With the theme of "Next Frontiers for Growth", this year's forum covers six key pillars, including "A New Global Economy", "China and the World," "Entrepreneurship in the Age of AI," "New Frontiers for Industries," "Investing in People," and "Connecting Climate, Nature and Energy."
At a sub-meeting focusing on future economic growth on Tuesday, international officials and experts said the world must adopt a long-term attitude towards global issues, such as energy transformation and food security.
"It does put up many challenges, particularly in the developing markets and emerging economies, where this is far more difficult to do it, the enabling environment is not always there. Going green is a transition, it is an effort you have to make knowing that you want to be in the long term," said Amina Mohammed, Deputy Secretary-General of the United Nations.
Regarding the geopolitical tensions and conflicts worldwide, guests also underscored the importance of fostering unity and cooperation between countries around the world to jointly respond to global challenges.
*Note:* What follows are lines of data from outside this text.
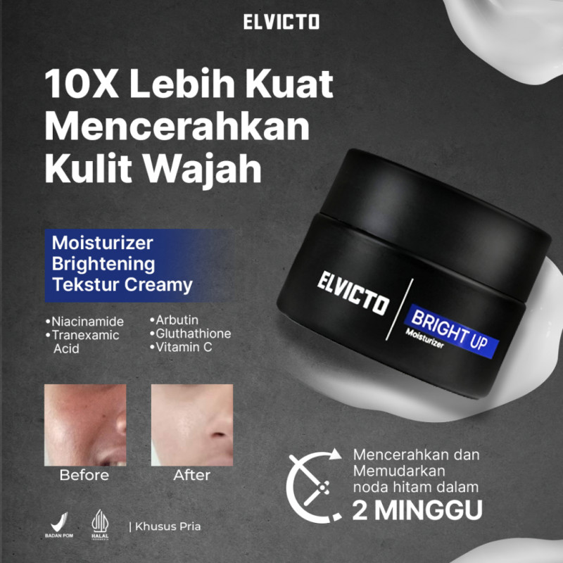 CARA PAKAI : Oleskan ELVICTO Bright Up Moisturizer pada siang dan malam secara tipis dan merata pada wajah yang sudah dibersihkan.
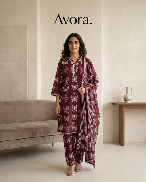 2 Pcs Women’s Linen Butterfly Printed Set – Maroon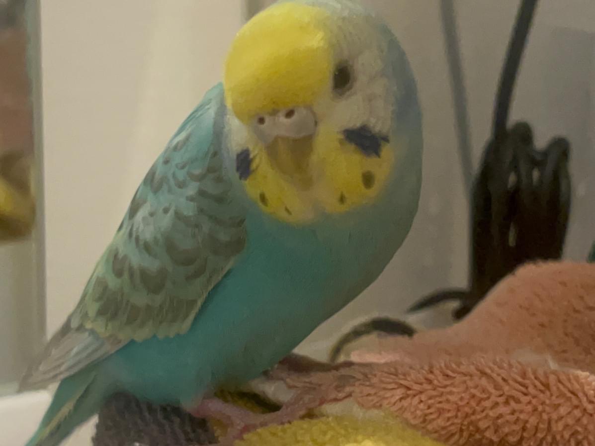 体が水色、頭が黄色、頬に青い雫型の模様があります。
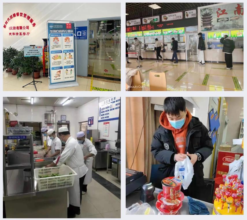 为保障好留校人员一日三餐,餐饮服务人员克服困难,紧急协调各类物资,努力做到餐食荤素搭配,保证种类丰富、营养均衡。从每日餐前饭后的通风、消毒,到工作人员晨午检、毛菜分拣、切配加工等,各个环节均加强安全管理。安排留校人员错峰用餐,用餐时保持距离,让大家吃得放心、安心。校园超市物资储备充足,保证在校师生生活平稳有序。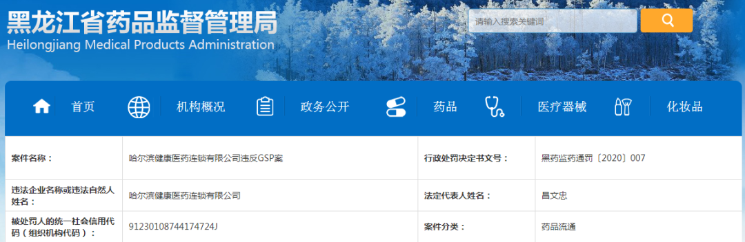 除此之外,黑龙江省药监局今日也发布了一则行政处罚通知。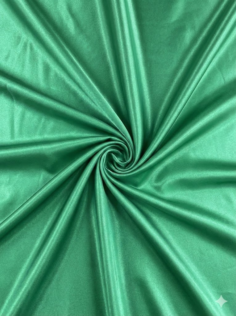 Tai patikimas pasirinkimas ieškantiems žalios spalvos blizgaus atlasinio audinio, kuris derina estetiką, praktiškumą ir universalų pritaikymą drabužių bei dekoro projektuose.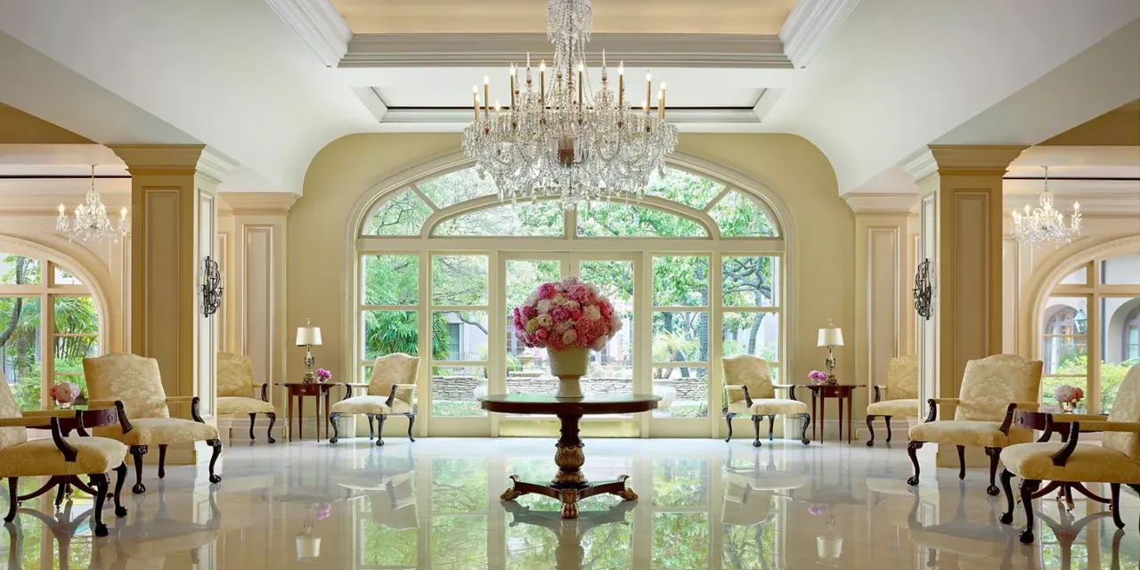 Гостям доступны три великолепных исторических бальных зала, три теннисных корта и спа-салон Chuan Spa, специализирующийся на ритуалах традиционной китайской медицины. На террасе у бассейна подают современную калифорнийскую кухню (внимание чаудеру с моллюсками на сливках!), в лобби-баре Tap Room смешивают отличные коктейли и держат большую коллекцию крафтового пива, стейк-хаус Royce славится лучшими отрубами говядины со всего мира, доведёнными до совершенства на углях.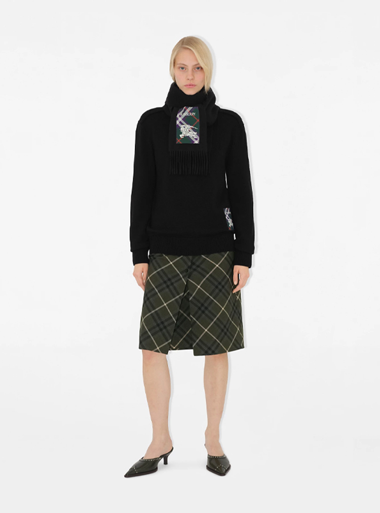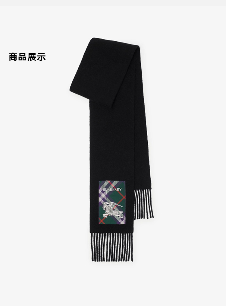 BURBERRY 巴宝莉 女士马术骑士徽标格纹标签羊绒围巾 黑色 8103997 B4935

Some called for an improved understanding and recognition of the shifting and rebalancing the economy is facing in the multipolar world.
"We are putting on the weight diplomatically on making this world a better place. So we continue working firmly with our global partners towards the geopolitical tensions globally," said Faisal Alibrahim, the Saudi Arabian Minister of Economy and Planning.
"The emergence of multiple different centers of the world has sustained that growth. Globalization is no longer a Western-centered story, it is something that engages regions all over the world, most dramatically this one here, the Indian Ocean economy and the Pacific," said Adam Tooze, a professor at Columbia University's department of history.